Круг замыкается: «почва» рождает метафору «любви», от которой во все века сходят с ума.
Как тут не вспомнить снова о рефлексии несравненного лирика и кровного интеллигента из беспочвенной северной столицы, как не вспомнить Александра Блока — среди гранита и туманов до слез и отчаяния доводившего себя строчками из «Макбета»: «Земля, как и вода, содержит газы, и это были пузыри земли…» Так выражалась его тоска по органической и органичной культуре, заколдованной, намекающей о себе лишь болотными призрачными видениями. Это была тоска по «почве», по ее сакральной жизни.
Мысль об общечеловеческом долге образованных людей перед землей, перед «почвой» в 1960-е была своего рода ранним прорывом в сферу завладевшего людьми в последнюю четверть XX века экологического мышления.
Силу для сближения с землей черпать приходилось, однако, не в окружающей советской действительности, а в языке, в поэтическом ощущении того, что «в почве бродит слово». Это переживание сразу же уводило прозу шестидесятых за рамки бытового реализма: «Ее величество корова сидела веками за прялкой, стояла пожизненно под ружьем от Полтавы до Шипки, только корона у коровы не на голове, а на животе и называется вымя». Это опять из «Одной абсолютно счастливой деревни», художественную эволюцию автора которой можно определить его же парадоксом: «Назад, то есть вперед, но в противоположном направлении».
Канонам психологической прозы Вахтин сознательно предпочел надпсихологическую красочность «большого стиля», неотделимого от стихии карнавала. Праздничное отношение к слову, к самой по себе русской речи — при драматичности изображаемых коллизий — таков был эмоциональный настрой прозы Бориса Вахтина и его друзей во времена, когда к печати им доступ был практически закрыт и они «издавались не издаваясь» — в мире «бесконечном, как Сибирь».
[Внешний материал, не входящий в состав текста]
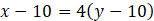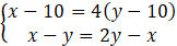 Oznacz przez x lata Jasia, a przez y – lata Małgosi. 10 lat temu Jaś był 4 razy starszy od Małgosi, zatem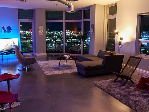 This 10th floor condo provides absolutely stunning...Views, Views and more VIEWS of the Las Vegas STRIP, mountains, and the Arts District. And if the sight seeing you'll get from inside the unit isn't enough, head on up to the rooftop deck and enjoy 360 degrees of the entire Vegas valley. In addition to tickling your visual senses over 20 stories in the sky, you can cool off in the roof top swimming pool or work up a sweat in the fitness center while watching the sunset or unwind and relax your muscles and mind in the hot tub. Stainless steel kitchen appliances and washer/dryer are included. Floors in the condo are polished concrete throughout. Community amenities also include a rooftop walking/jogging path, sky lounge with pool table, assigned garage parking, 24 hour receptionist, and security. You really will enjoy calling Newport Lofts home.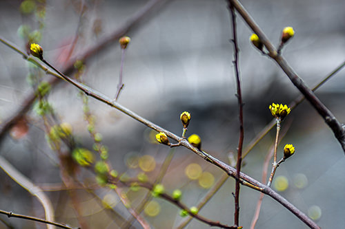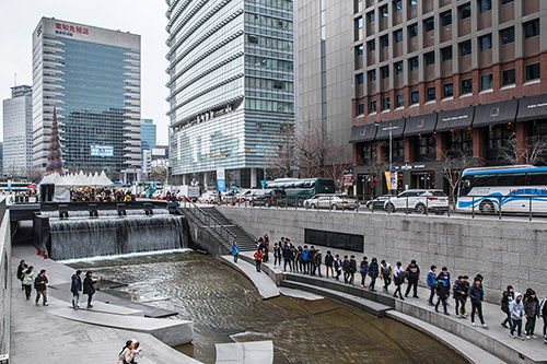 光化门附近的清溪川也在暖暖的春风中焕发出新的光彩。不知何时已爬上枝头的山茱萸花骨朵,嫩嫩的黄色让人们感觉到真正的春天已经越来越近了。
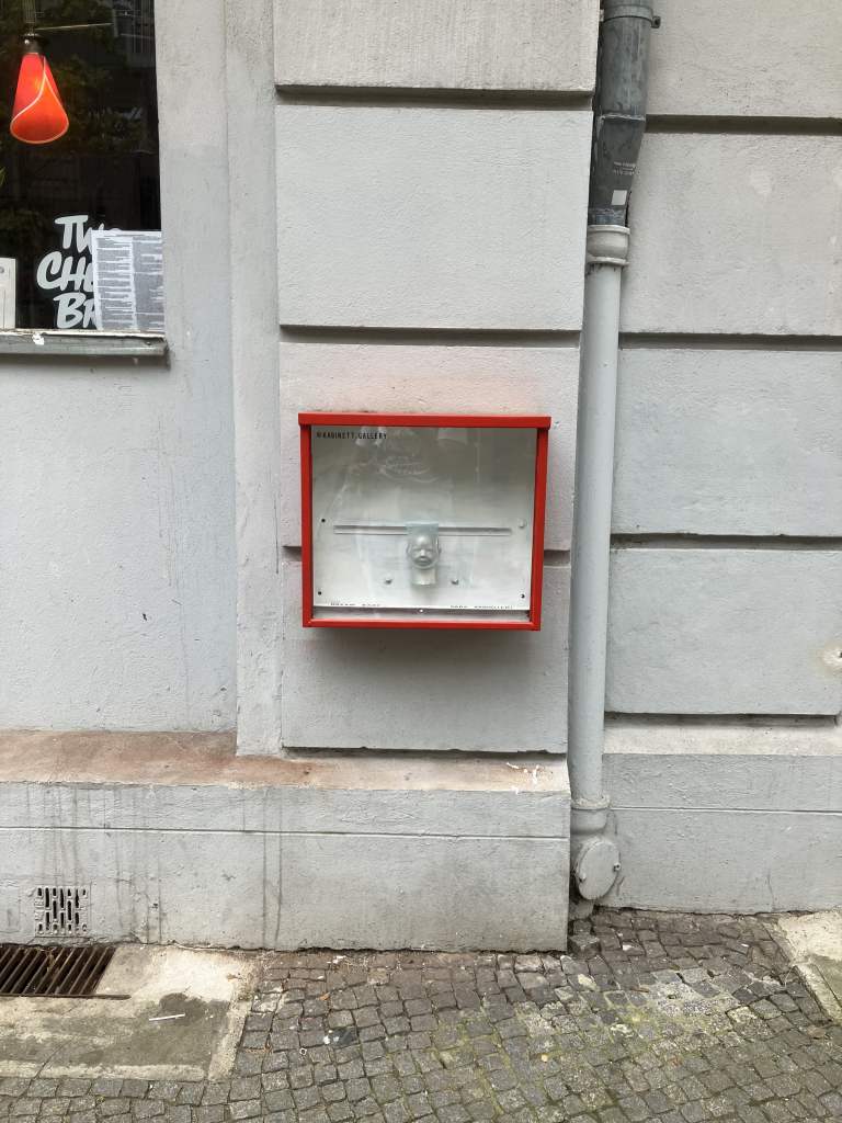 In contrast, a second Kabinett contains only a single face, elegantly suspended from a ledge as though it is floating. Alone, it hovers in space, its presence magnified by its isolation.

Теперь, когда мы, наконец, попали на редкостный для нашего отечества сеанс свободы, залы культурных учреждений пошли под более сильные, чем писательские выступления, зрелища — чуть ли не под бои гладиаторов. Да и в сохранившихся для литературных вечеров мест, как правило, достаточно. Что ж, будем надеяться на тех, кто не торопится, на тех, кто еще не пришел.